PhD Student, Intelligent Systems Program, University of Pittsburgh
26 Aug 2020 - Arun Balajiee
This talk was presented Dr. Bita Akram. The talk was mainly to situate and present her work in the area of CS education and building games that provide supports to acquire the necessary skills. This baiscally involves Learning Analytics for computer science education using Artifical Intelligence. This process involves computer science student modelling using block based programming and a design for the CS curriculm. In the game built by Dr. Bita, specifically the students leanr to use binary numbers and translate binary numbers to decimal form in order to unlock different levels in the game. The game has several such levels which are unlocked by understanding and applying different concepts in computer science, without any prior knowledge. Hence, the students learn by doing by playing the game over multiple levels.

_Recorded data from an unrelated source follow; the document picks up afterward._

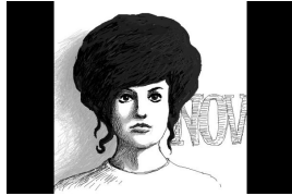
Murder mystery may soon be solved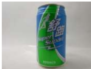
IT111 335 ml x 24 舒跑飲料 (15M) VITA SUPER SUPAU 335ml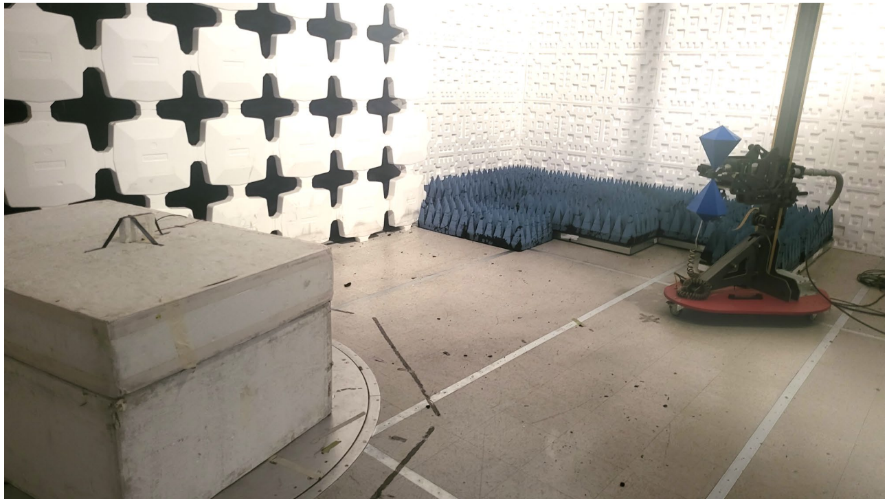
Figure 3. Radiated Emissions Test Setup (30 - 1000 MHz)

FCC Part 15 Certification/ RSS 210 SM6-MINODE6A 9235A -MINODE6A 24-0031 March 19, 2024 Mueller Systems, LLC MINODE6A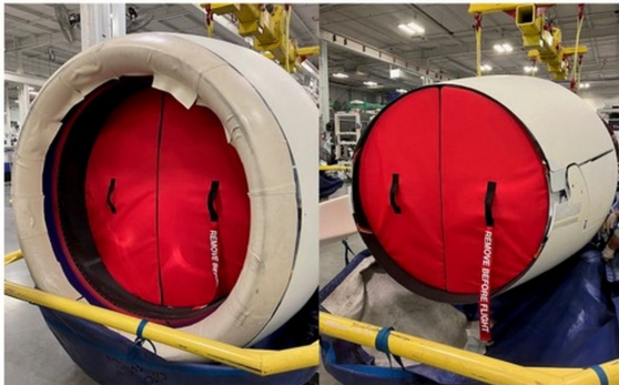
Gulfstream G500 FOD protection plugs for mfg process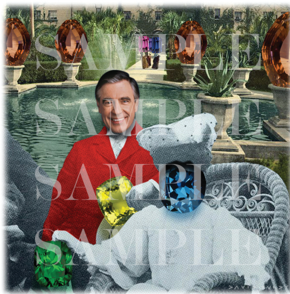
SIR GEM RESORT / MISTER ROGERS

To be able to gauge how much the student learns, the actions of the student in the game is tracked and this data is collected to construct an N-gram model that is based on patterns of actions. Further, the students are clustered into three different tasks based on their actions in these different levels of the game. This way an individual student is anonymized using a collective group of students with similar characteristics, each working on a task with different characteristics.The game logic then uses an LSTM with 5-fold cross validation to be able to cluster students to their designated tasks and take their progress over different slices of time slotted by the different actions they take over the course of the game. This way the student’s change in strategy to play the game and the skills that they learn over the course of playing the game becomes trackable. The second part of talk discussed the methods implemented by Dr. Bita in collaboration with other researchers to support Automated Assessment. The idea of Automated Assemesnt is to generalize the design of a good assessment of computer science students and working with K-12 children to integrate computer science education in their classroom.

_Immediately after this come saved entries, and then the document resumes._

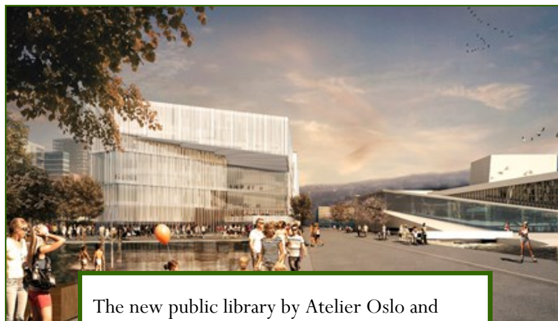
The new public library by Atelier Oslo and Lund Hagem architects

the need for new ways of thinking about cataloguing. So why don't we wait for the library standards for linked data cataloguing that are bound to come sooner or later? Well, first of all there is the suspicion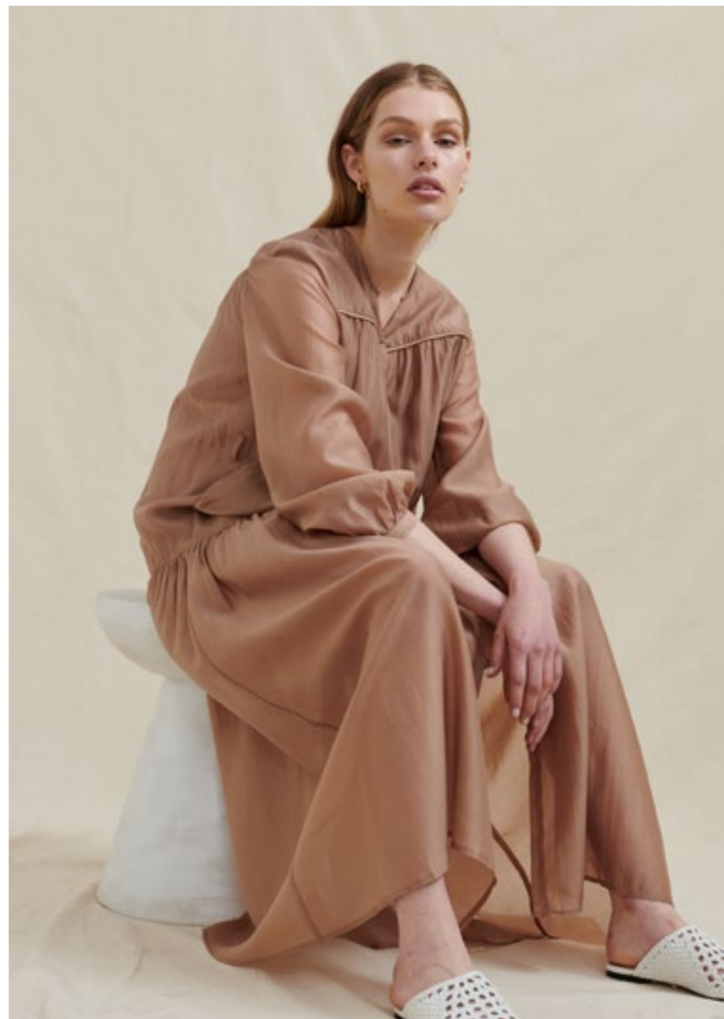
AN1012-1 Nina Maxi Dress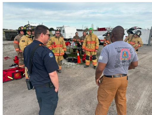
Vehicle extrication class with the Lake Township Fire Department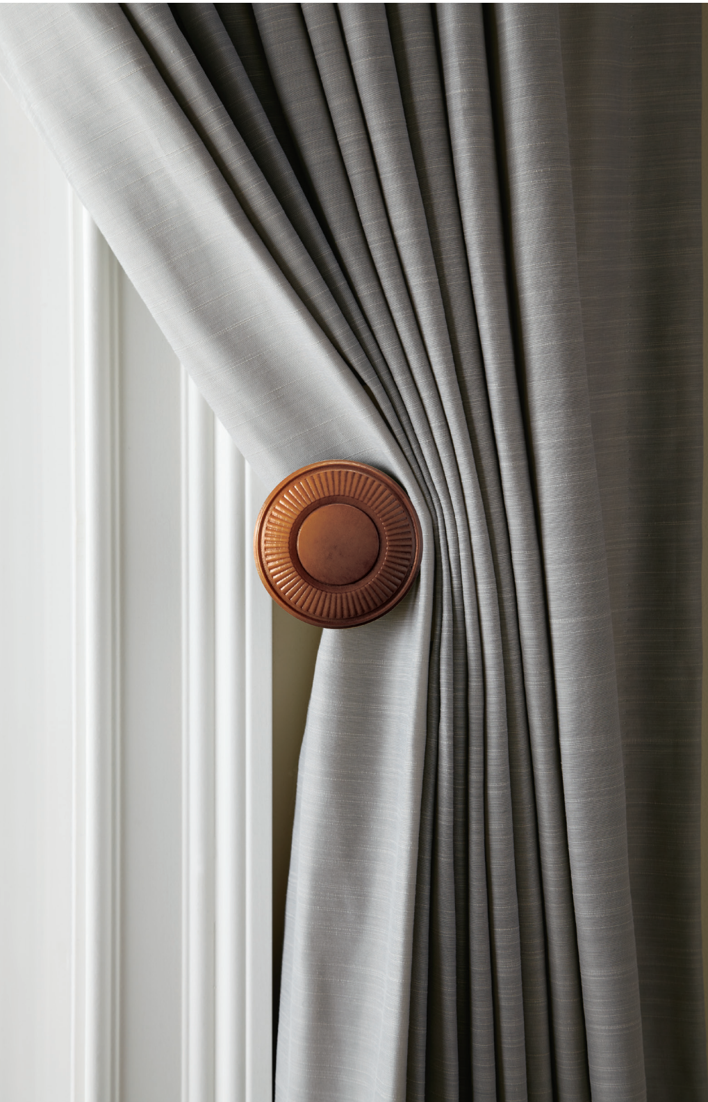
HOLDBACK Estate Oak Shown

Dr. Bita and her collaborators propose a framework that labels the dataset of student’s work in a meaninful ways – that is labelling the student’s good or bad performance based on the known computer science course conditionals and policies. For example, in one of the levels of the game discussed above, the student is expected to implement the block-based program for bubblesort algorithm. This way the student’s understanding of bubble stort algorithm along with their programming abilities can be assessed. The model of automated assessment is adapted from the framework by Grover et al., 2017. The idea is to build an automated assessment framework with integrated task design, domain modelling of computer science and practicie and realizing the type of data (quantitative or qualitative). That is, during the domain modelling using the rubrics and concepts of the computer science curricula, that task related rubrics can also be integrated as a part of the design. To do this, the focal concepts are constructed from the data using Abstract Syntax Trees. An LSTM model is trained to be able to construct this Abstract Syntaxt Tree with structural n-gram based feature engineering. The vertical structure of the Abstract Syntax Tree looks at the hierarchical ordering of different tasks for a rubric and the nodes at the same level of the Abstract Syntax Tree represents the student’s knowledge on the focal concepts. Regression is then used to be able to classify and predict the learning pathway and assessment of students.

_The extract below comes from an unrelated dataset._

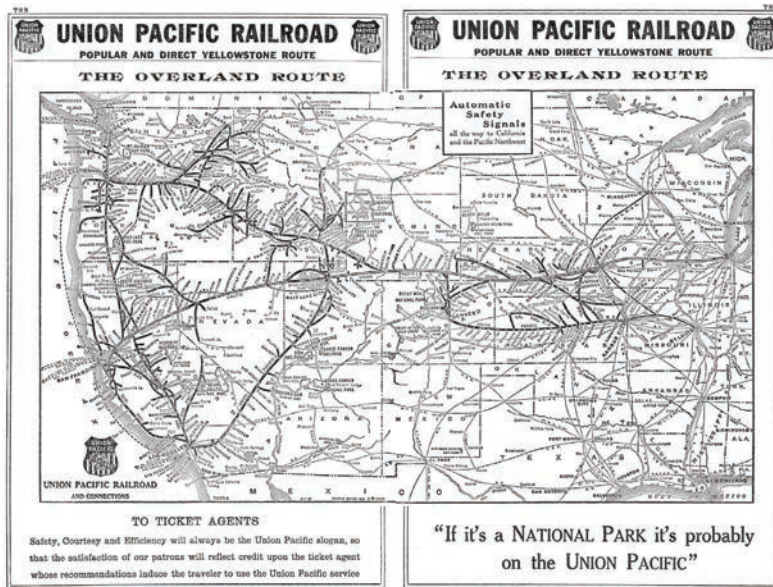
This 1939 map depicts Union Pacific's route to Los Angeles via Las Vegas and its subsidiary The Los Angeles & Salt Lake Railroad.

created on May 15, 1905, when its first land parcels—110 acres—were auctioned off. Three years later, Clark County was established and named in honor of William A. Clark whose vision and commitment to the Salt Lake Route had helped establish Las Vegas.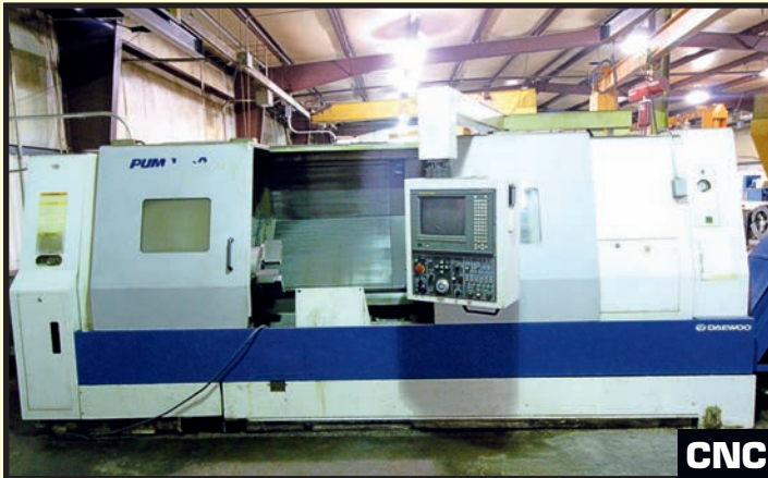
DAEWOO PUMA MDL. 350LB CNC LATHE

Featuring: (13) CNC Lathes, (2) Vertical Machining Centers, Manual Machine Tools, Fabricating Equipment, (4) Bandsaws, Precision Machine Accessories, Material Handling Equipment, Rolling Stock & Much More!

From both the presentations by Dr. Bita, I was inspired to extend the interesting topics that I am currently working to be incorporated into a few long term goals of my PhD. By working towards building a more robust educational tool, I could possibly be able to create a learning system that could potentially replace existing education systems. A learning management system with preset curricular goals and assessments would be highly beneficial for students who cannot afford to be in class environments or in cases such as the recent times of COVID-19 where remote learning has become the new normal. Another really interesting aspect to think about here is the idea of making educational games. It is refreshing to see a beneficial application of games for learning after reading research in the past such as video games instilling violence in children. Students like playing games and usually a lot good games such as God of War, Assassin’s Creed, Tomb Raider, Batman: Arkham Asylum, Portal have levels with intriguing puzzles. When young adults play these games, they tend to use a lot of intellectual faculties in cracking these puzzles and going to higher levels of the game. An educational game designed in these lines, but without violent content, with promising results, is indeed a interesting sign of what lies ahead in the future for educational technologies. It is also really amazing to notice that simple n-gram modelling can be possible to encode the information regarding student activities and when coupled with LSTM classifiers as well as regression techniques to be able to implement task based learning and assessments. Overall, I think it was really an intellectually enthralling presentation, with really practical benefits in the field of Human Computer Interaction and Educational Technologies.